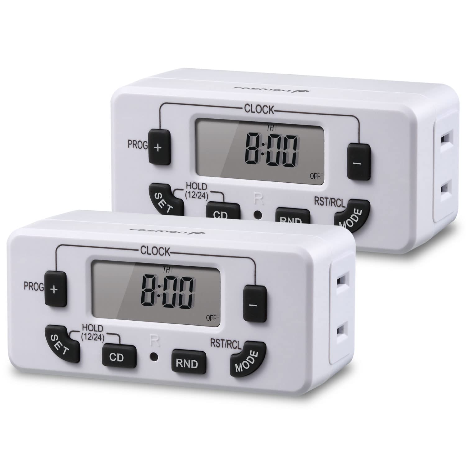 Fosmon 7 Day Digital Timers for Electrical Outlets, Indoor Plug-in Light Timers Switch Programmable, Electric Wall Plug for Grow / Reptile Light, Lamp, Appliance, Aquarium, Fish Tank - 2 Pack
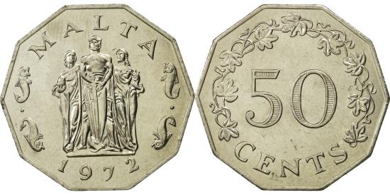| | Coin, Malta, 50 Cents, 1972, British Royal Mint, , Copper-nickel, KM:12 | | | Great Siege Monument, Value within 3/4 wreath | | FEATURES |
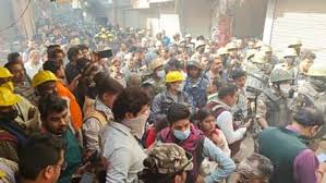 भारी पुलिस बल की मौजूदगी में ध्वस्तीकरण
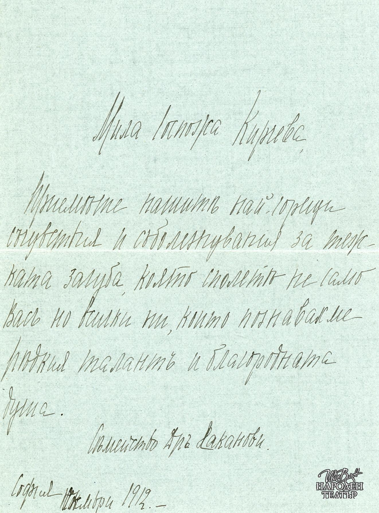 Писмо от семейство д-р Баканови до Елена Снежина по повод смъртта на Атанас Кирчев от София от 11.11.1912
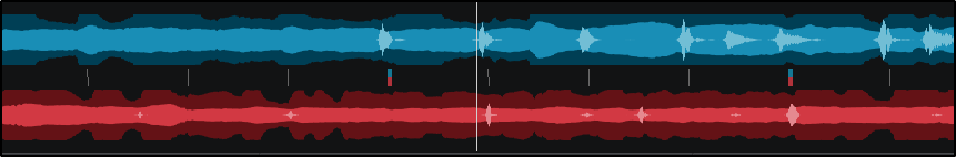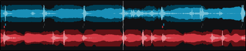 - DECK WAVEFORMS. Displays a detailed view of the audio information indicated by height and color as well as the tracks playhead indicating its position. The overall track gain (loudness) is indicated by the height of the waveform with the highest parts being the loudest and the shorter portions being softer. If Beats or Shapes is the selected waveform, the decks will display the traditional blue and red waveforms with a beat indicator underneath. If Colors is the selected waveform type, the waveform’s color can be changed to 5 separate options in Settings Options under coloredWaveforms.
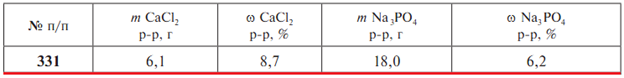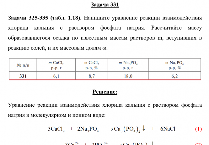 Задачи 325-335 (табл. 1.18). Напишите уравнение реакции взаимодействия хлорида кальция с раствором фосфата натрия. Рассчитайте массу образовавшегося осадка по известным массам растворов m, вступивших в реакцию солей, и их массовым долям ω..
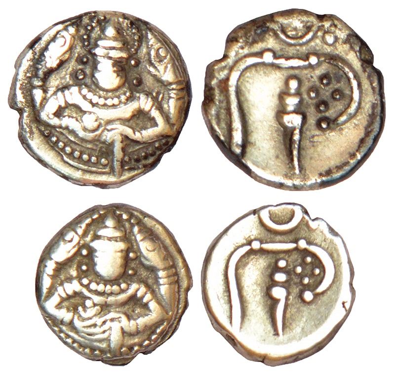 Princely States: Cochin, British Protectorate, silver coins (2), 1x 2 puttuns, KM 6, 1.07g and 1x puttun, KM 5, 0.53g, ND (1856-1858). Obv: Shiva facing front with a serpent on each side. Rev: A crescent above stylized design resembling conch shell. (2 coins)
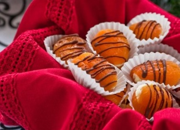 Затем взбить миксером в пышную массу, выложить в кондитерский мешочек и отрезать уголок. Абрикосы надрезать сбоку, открыть как книжку и наполнить шоколадной массой. Поставить в холодильник застывать на 10 минут.
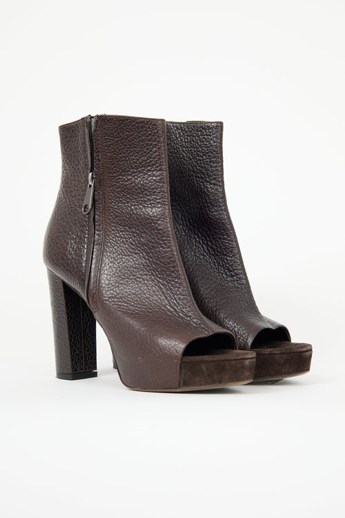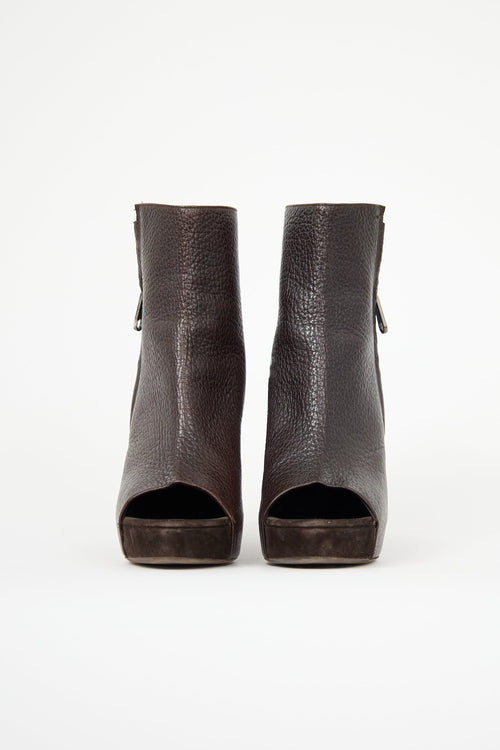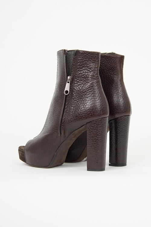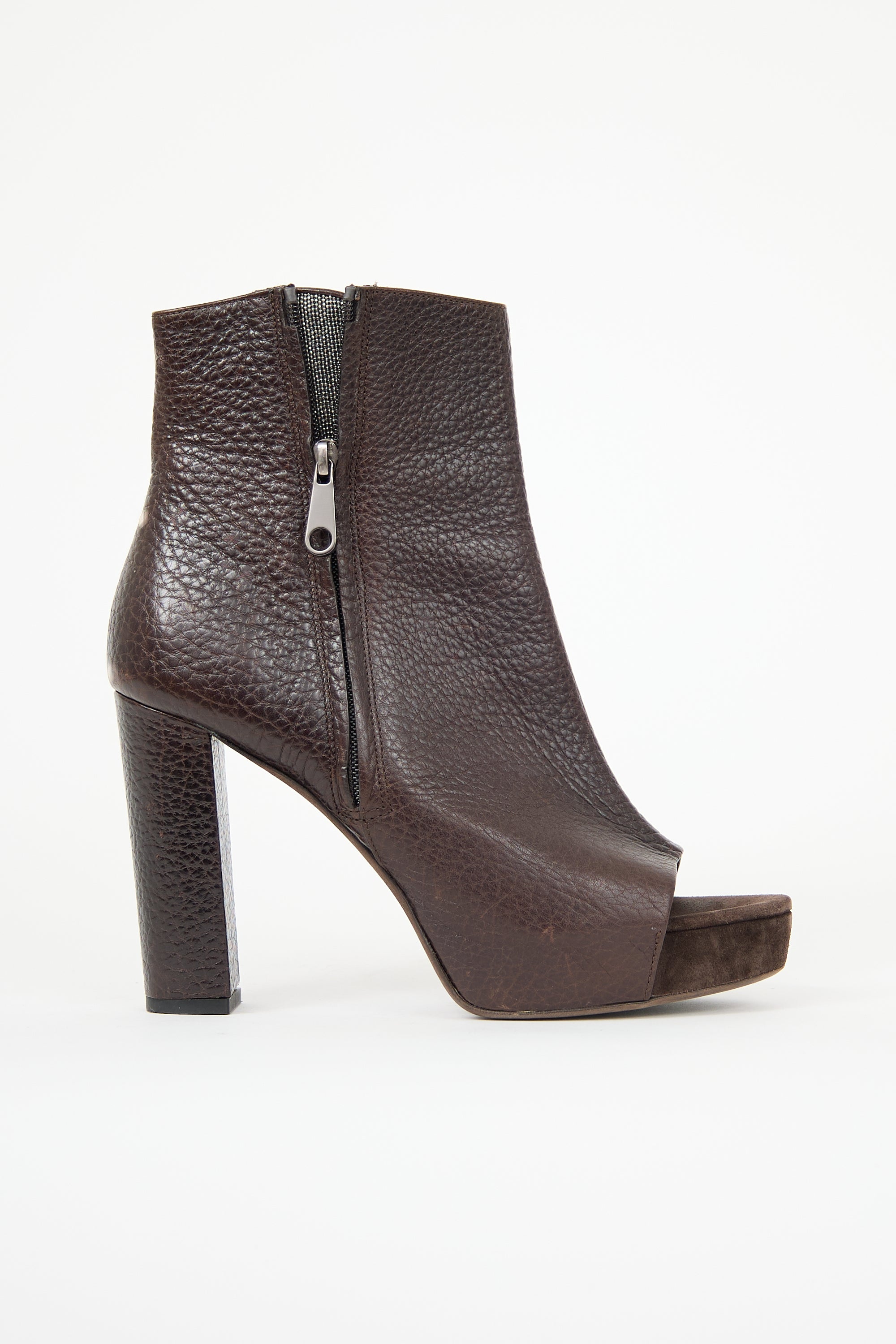 Brunello Cucinelli Leather Peep Toe Bootie IT 41
☆ ☆ ☆ ☆ ☆
- **Activity**: Write out, exactly and with no pictures, the lines of the data from the first through the line containing "भारी पुलिस बल की मौजूदगी में ध्वस्तीकरण".

- **Output below**:
 Fosmon 7 Day Digital Timers for Electrical Outlets, Indoor Plug-in Light Timers Switch Programmable, Electric Wall Plug for Grow / Reptile Light, Lamp, Appliance, Aquarium, Fish Tank - 2 Pack
| | Coin, Malta, 50 Cents, 1972, British Royal Mint, , Copper-nickel, KM:12 | | | Great Siege Monument, Value within 3/4 wreath | | FEATURES |
 भारी पुलिस बल की मौजूदगी में ध्वस्तीकरण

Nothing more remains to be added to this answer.